TASK OBJECTIVE> The result should be the listing below restated word for word, with images left out.
(INPUT Opens)
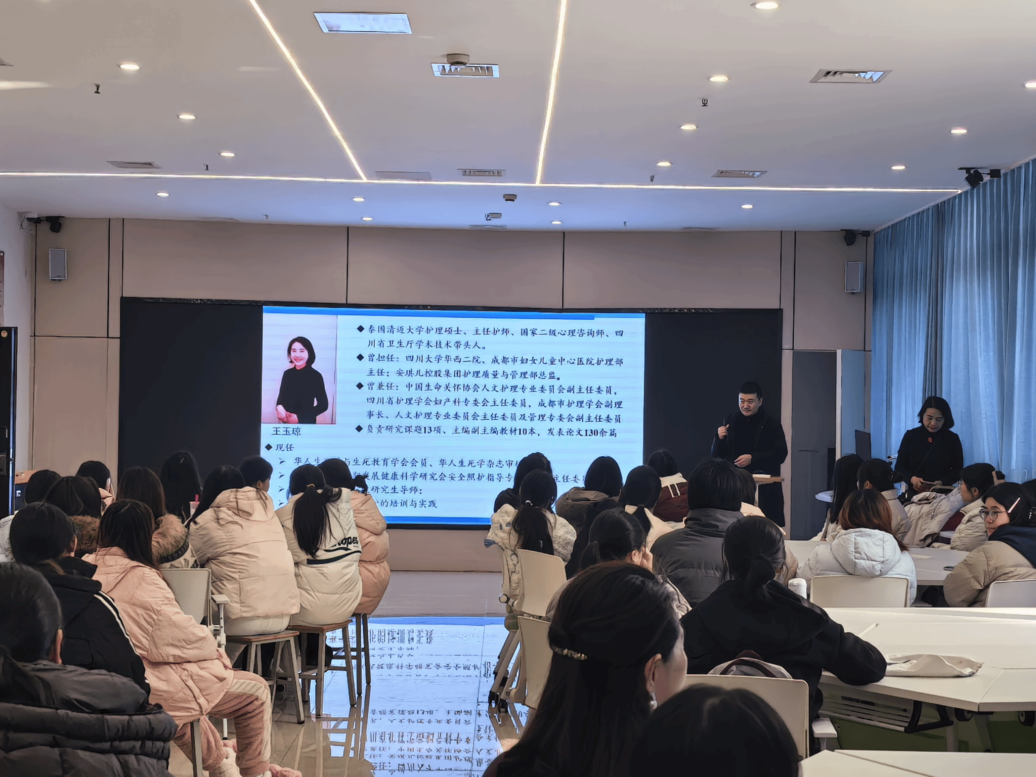 为积极响应新时代健康服务人才培养要求,深化人文关怀课程体系建设与人文教育内涵建设,近日,护理康养学院举办“教学过程中的生死教育”专题讲座暨教学研讨会。活动特邀华人生死学与生死教育学会会员、四川省卫生厅学术技术带头人王玉琼教授主讲,学院全体专任教师和老年保健与管理专业学生共同参与,围绕生死教育的理念、教学与实践展开深度交流与研讨。
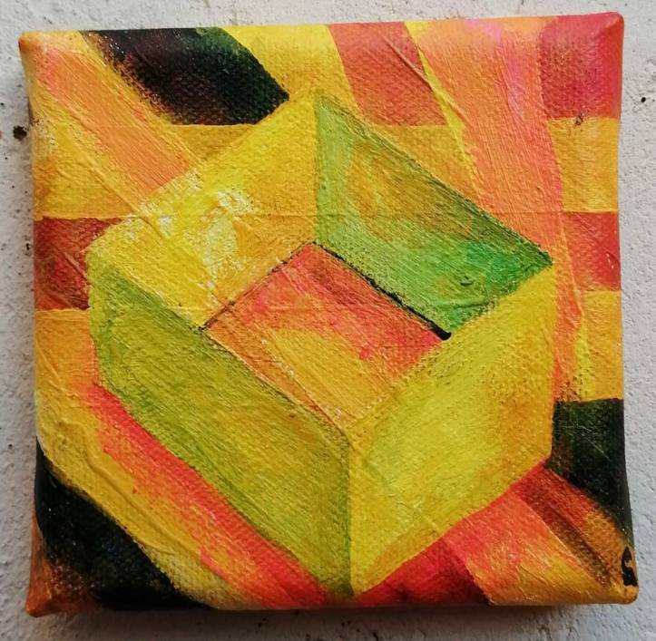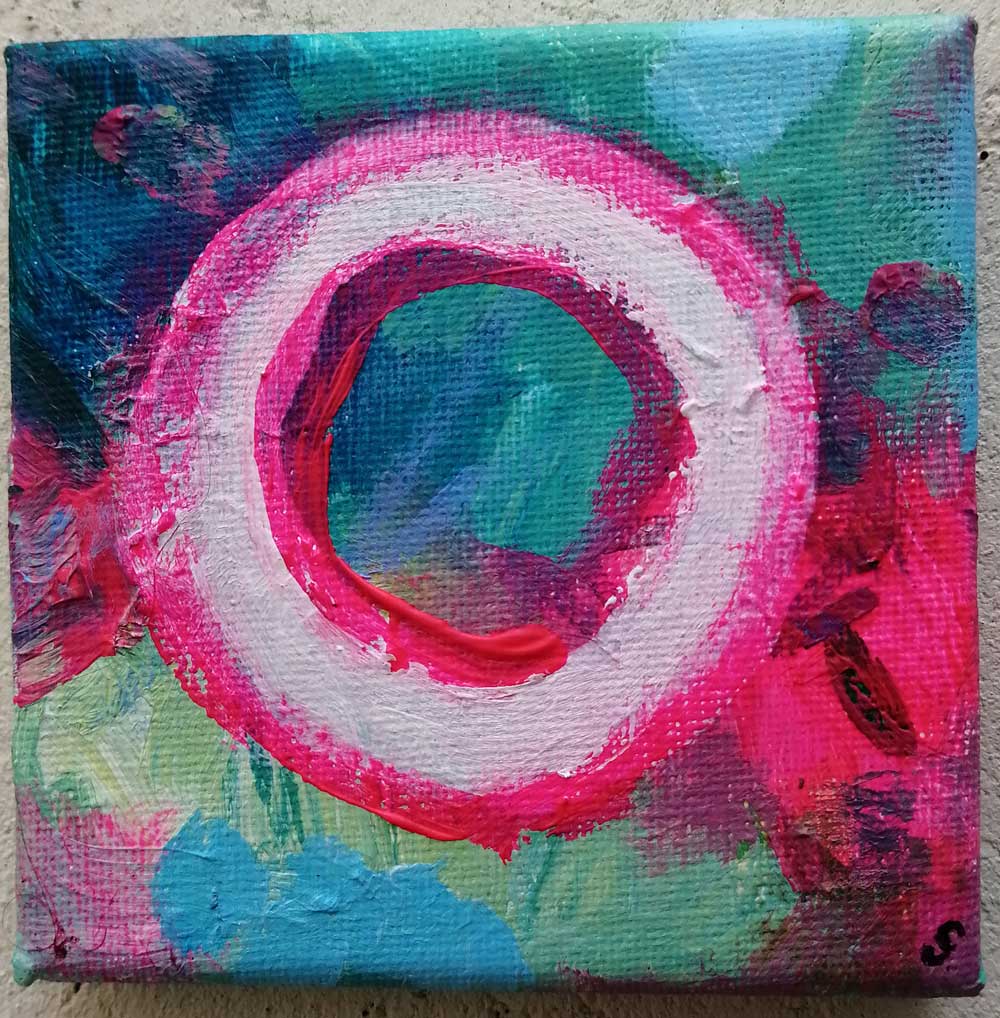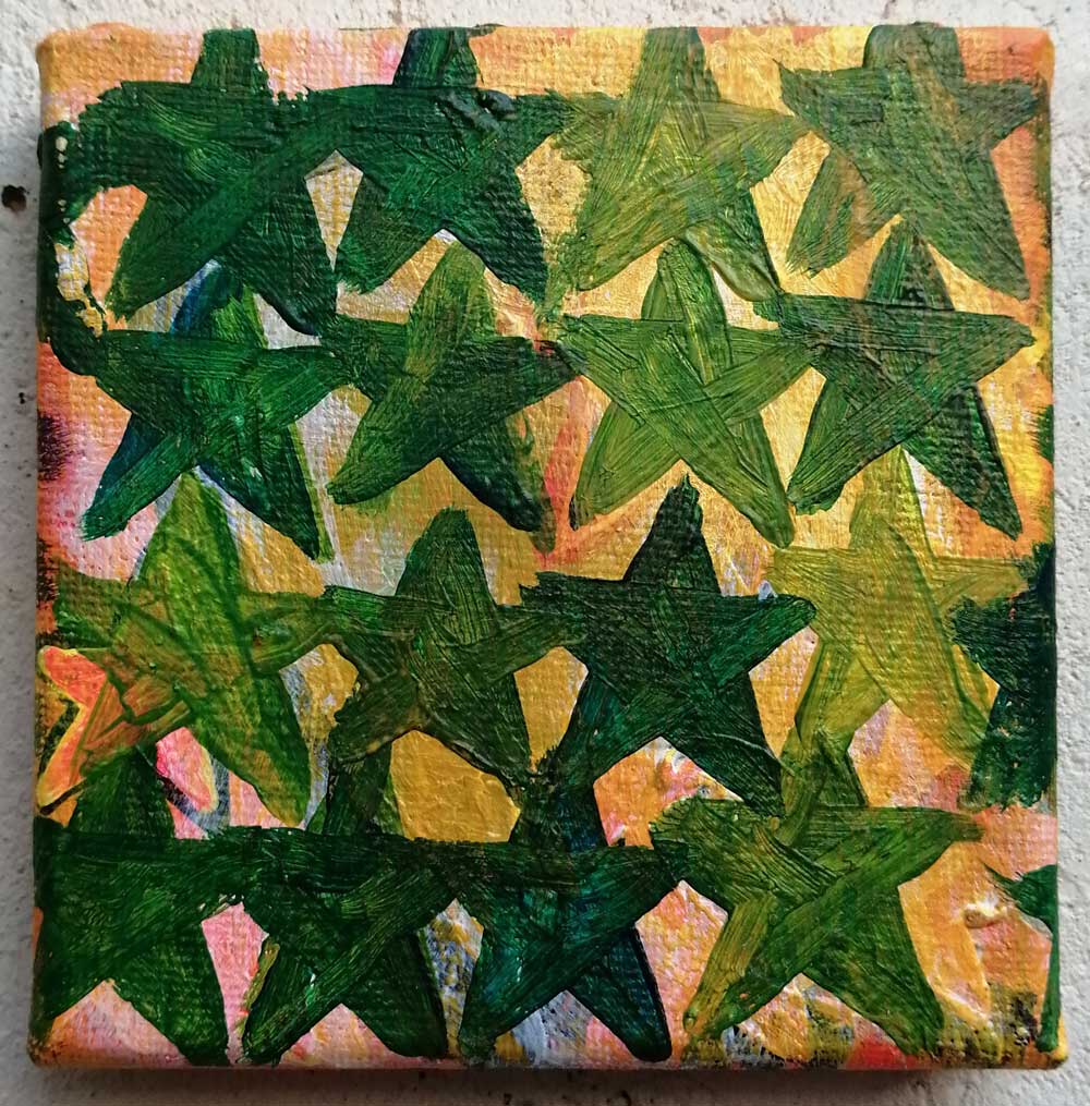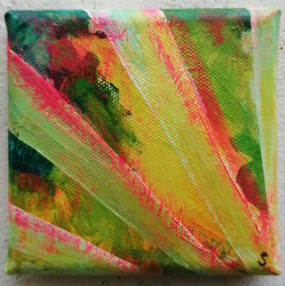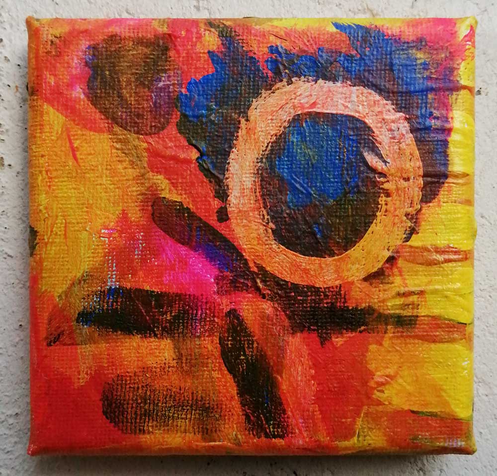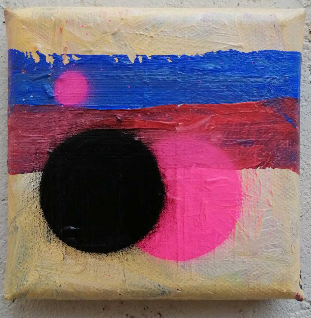 An ongoing series of daily concluded paintings, a painting finished every single day, not started and finsihed, just one a day concluded, there are always a number in progress at any give ntime here in the studio, always on a 10cm x 10cm x 1cm canvas. The daily series started in July 2020, who knows how long it will go on for? Always on a 10cm square canvas, always offered for sale at a price of £10, always Ten. The Ten paintings are generally available via the Cultivate shop or do ask, always good to ask.
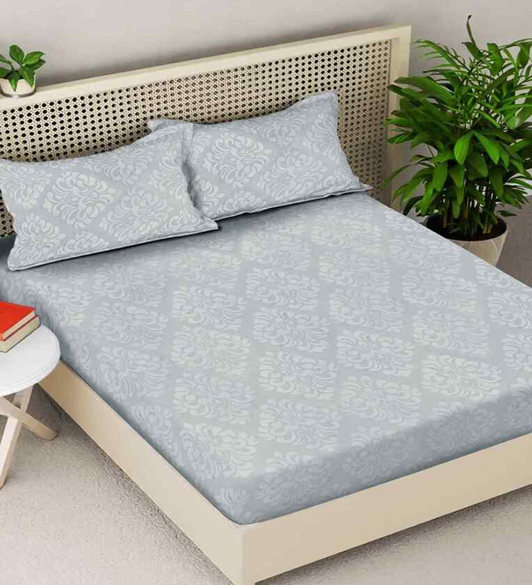 Pearl Grey Ethnic 300 TC Cotton Blend King Size Fitted Embossed Double Bedsheet with 2 Pillow Covers
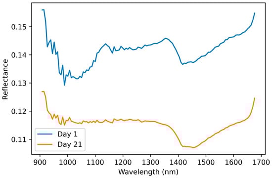 Mean spectra from day 1 and day 21 representing the intensity of reflectance on each acquisition day obtained by averaging the reflectance values of the wavelengths read by the sensor.
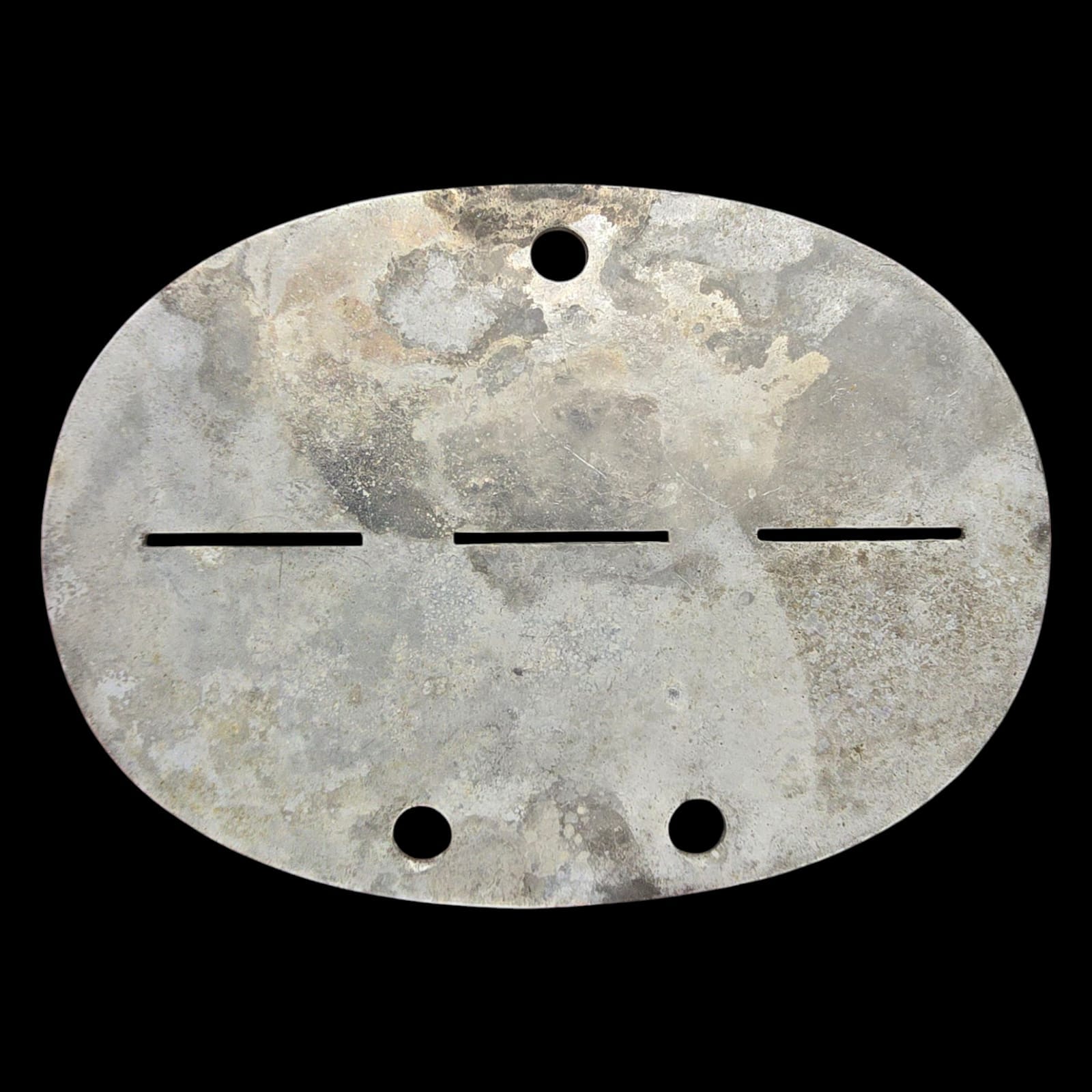 Item: German dog tags (Erkennungsmarken) from World War II were used to identify soldiers in case of injury or death. Made of aluminum, zinc, or steel, they were oval and featured a perforated middle, allowing them to be broken in half—one part remaining with the soldier and the other collected for records. The tags were stamped with the soldier’s unit, identification number, and sometimes blood type. Different branches of the Wehrmacht, SS, and Luftwaffe had variations in design and markings.
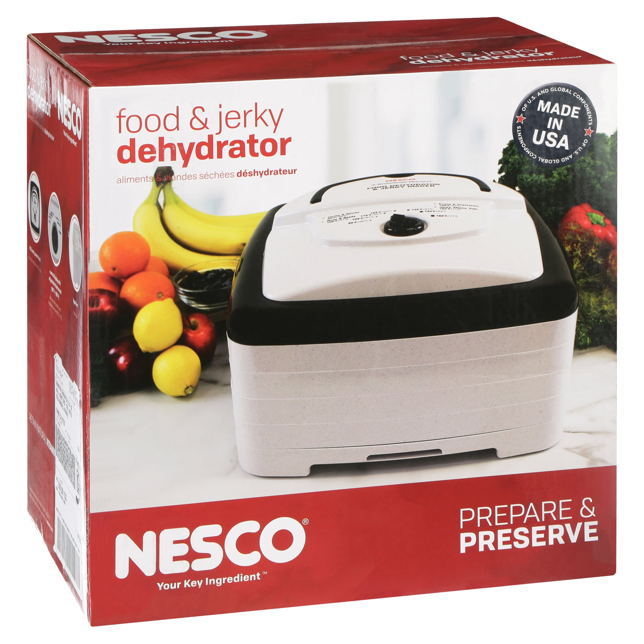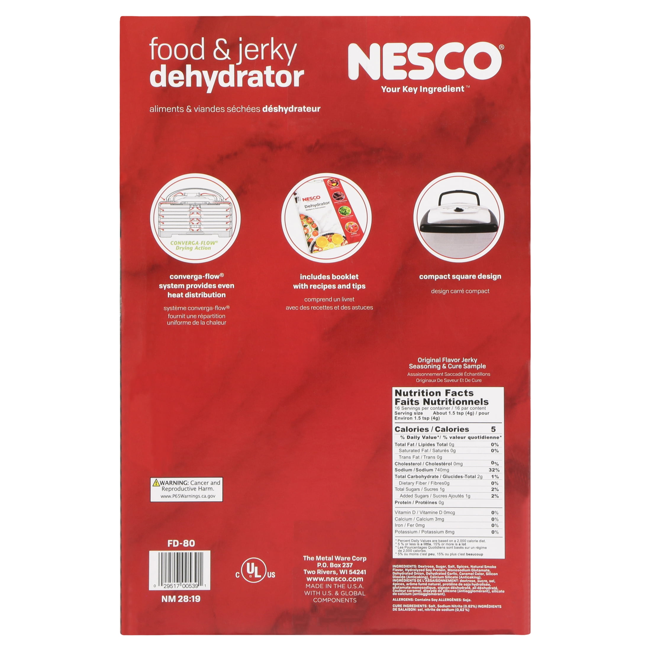 Nesco Food Dehydrator – 700 Watts, Square, 4 Trays – Square Shaped (FD-80) Adjustable Thermostat – allows you to dry different foods at proper temperatures (95-160 degree F), providing the flexibility to produce the best drying results. Helps dry food in hours, not days like other food dehydrators. The unit’s adjustable thermostat ranged from 95 degrees to 155 degrees F, providing the flexibility needed to ensure excellent results : New-Powerful Top Mounted Fan and 700 watts of drying power generate maximum speed and quality for dehydrating. . FD-80WJ comes with 4 trays, but is expandable to 8 trays.
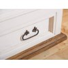 Vnitřní prostory rustikální skříň SWEET HOME obsahuje z 2/3 police a v pravé části šatní tyč. Spodní část tvoří 3 výsuvné šuplíky. Stylové úchyty v retro stylu s efektem patiny dodávají skříni nadčasovou eleganci.
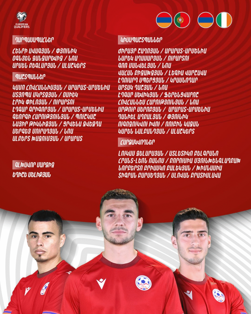 Главный тренер сборной Армении по футболу Егише Меликян опубликовал список футболистов, вызванных в национальную команду перед матчами отборочного турнира чемпионата мира 2026 года с Португалией и Ирландией в европейской зоне.
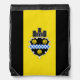 Drawstring Bag with flag of city of Pittsburgh, Pennsylvania; flag with three vertical bands of black and yellow with illustration of castle and shield in the center
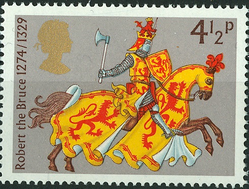 Robert the Bruce widmet die Postverwaltung des Vereinigten Königreichs eine farbenfrohe Marke zu 4 1/2 Pence. Seine Waffenwahl fiel, wenn nötig, anscheinend eher auf eine Axt.
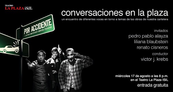 Este miércoles entrante, el 17 de agosto, continuaremos con el segundo episodio de las “Conversaciones en la plaza”. La obra de turno, Por accidente, es una exquisita comedia contemporánea y costumbrista, de Marisol Palacios y Alfonso Santistevan, que juega con las idiosincracias del peruano, y se convierte en la oportunidad para que en esta ocasión cuatro voces más conversen sobre los complejos, los prejuicios y los temores de cinco representativos hombres limeños, reunidos en la calle por un accidente.
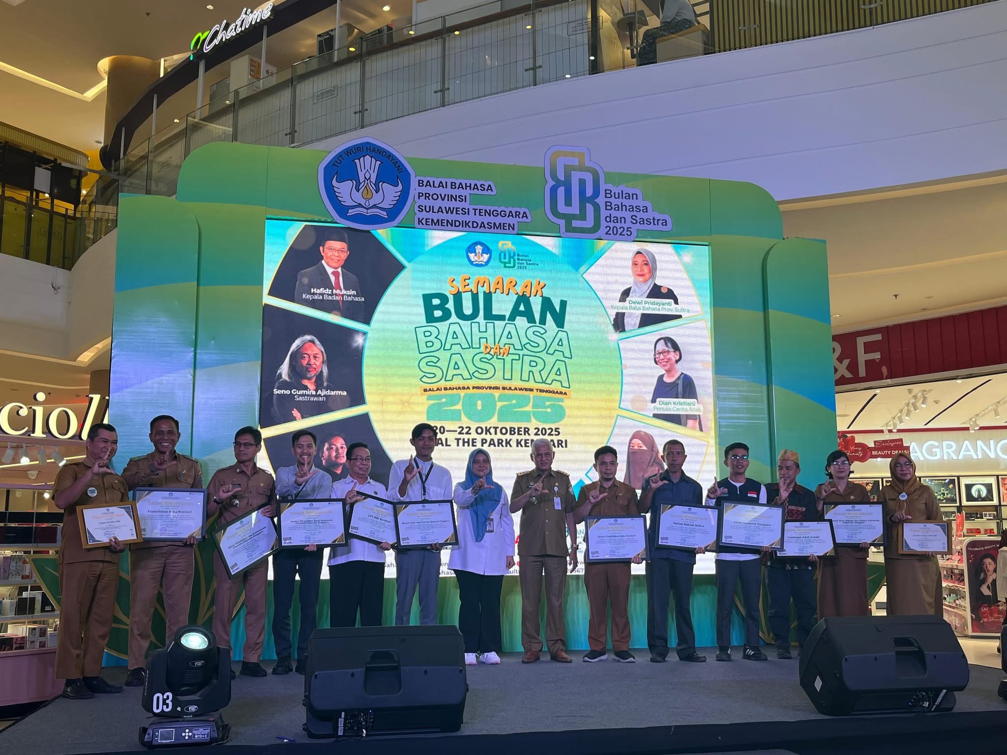 Kendari-LENSASATU.COM || Sekretaris Daerah Provinsi Sulawesi Tenggara, Drs. Asrun Lio, M.Hum., Ph.D., secara resmi membuka kegiatan Peringatan Bulan Bahasa dan Sastra Tahun 2025 yang diselenggarakan oleh Balai Bahasa Provinsi Sulawesi Tenggara di Kendari pada Senin, 20 Oktober 2025 di Kendari.
(INPUT Closes)
EXERCISE ANSWER>
 为积极响应新时代健康服务人才培养要求,深化人文关怀课程体系建设与人文教育内涵建设,近日,护理康养学院举办“教学过程中的生死教育”专题讲座暨教学研讨会。活动特邀华人生死学与生死教育学会会员、四川省卫生厅学术技术带头人王玉琼教授主讲,学院全体专任教师和老年保健与管理专业学生共同参与,围绕生死教育的理念、教学与实践展开深度交流与研讨。
 An ongoing series of daily concluded paintings, a painting finished every single day, not started and finsihed, just one a day concluded, there are always a number in progress at any give ntime here in the studio, always on a 10cm x 10cm x 1cm canvas. The daily series started in July 2020, who knows how long it will go on for? Always on a 10cm square canvas, always offered for sale at a price of £10, always Ten. The Ten paintings are generally available via the Cultivate shop or do ask, always good to ask.
 Pearl Grey Ethnic 300 TC Cotton Blend King Size Fitted Embossed Double Bedsheet with 2 Pillow Covers
 Mean spectra from day 1 and day 21 representing the intensity of reflectance on each acquisition day obtained by averaging the reflectance values of the wavelengths read by the sensor.
 Item: German dog tags (Erkennungsmarken) from World War II were used to identify soldiers in case of injury or death. Made of aluminum, zinc, or steel, they were oval and featured a perforated middle, allowing them to be broken in half—one part remaining with the soldier and the other collected for records. The tags were stamped with the soldier’s unit, identification number, and sometimes blood type. Different branches of the Wehrmacht, SS, and Luftwaffe had variations in design and markings.
 Nesco Food Dehydrator – 700 Watts, Square, 4 Trays – Square Shaped (FD-80) Adjustable Thermostat – allows you to dry different foods at proper temperatures (95-160 degree F), providing the flexibility to produce the best drying results. Helps dry food in hours, not days like other food dehydrators. The unit’s adjustable thermostat ranged from 95 degrees to 155 degrees F, providing the flexibility needed to ensure excellent results : New-Powerful Top Mounted Fan and 700 watts of drying power generate maximum speed and quality for dehydrating. . FD-80WJ comes with 4 trays, but is expandable to 8 trays.
 Vnitřní prostory rustikální skříň SWEET HOME obsahuje z 2/3 police a v pravé části šatní tyč. Spodní část tvoří 3 výsuvné šuplíky. Stylové úchyty v retro stylu s efektem patiny dodávají skříni nadčasovou eleganci.
 Главный тренер сборной Армении по футболу Егише Меликян опубликовал список футболистов, вызванных в национальную команду перед матчами отборочного турнира чемпионата мира 2026 года с Португалией и Ирландией в европейской зоне.
 Drawstring Bag with flag of city of Pittsburgh, Pennsylvania; flag with three vertical bands of black and yellow with illustration of castle and shield in the center
 Robert the Bruce widmet die Postverwaltung des Vereinigten Königreichs eine farbenfrohe Marke zu 4 1/2 Pence. Seine Waffenwahl fiel, wenn nötig, anscheinend eher auf eine Axt.
 Este miércoles entrante, el 17 de agosto, continuaremos con el segundo episodio de las “Conversaciones en la plaza”. La obra de turno, Por accidente, es una exquisita comedia contemporánea y costumbrista, de Marisol Palacios y Alfonso Santistevan, que juega con las idiosincracias del peruano, y se convierte en la oportunidad para que en esta ocasión cuatro voces más conversen sobre los complejos, los prejuicios y los temores de cinco representativos hombres limeños, reunidos en la calle por un accidente.
 Kendari-LENSASATU.COM || Sekretaris Daerah Provinsi Sulawesi Tenggara, Drs. Asrun Lio, M.Hum., Ph.D., secara resmi membuka kegiatan Peringatan Bulan Bahasa dan Sastra Tahun 2025 yang diselenggarakan oleh Balai Bahasa Provinsi Sulawesi Tenggara di Kendari pada Senin, 20 Oktober 2025 di Kendari.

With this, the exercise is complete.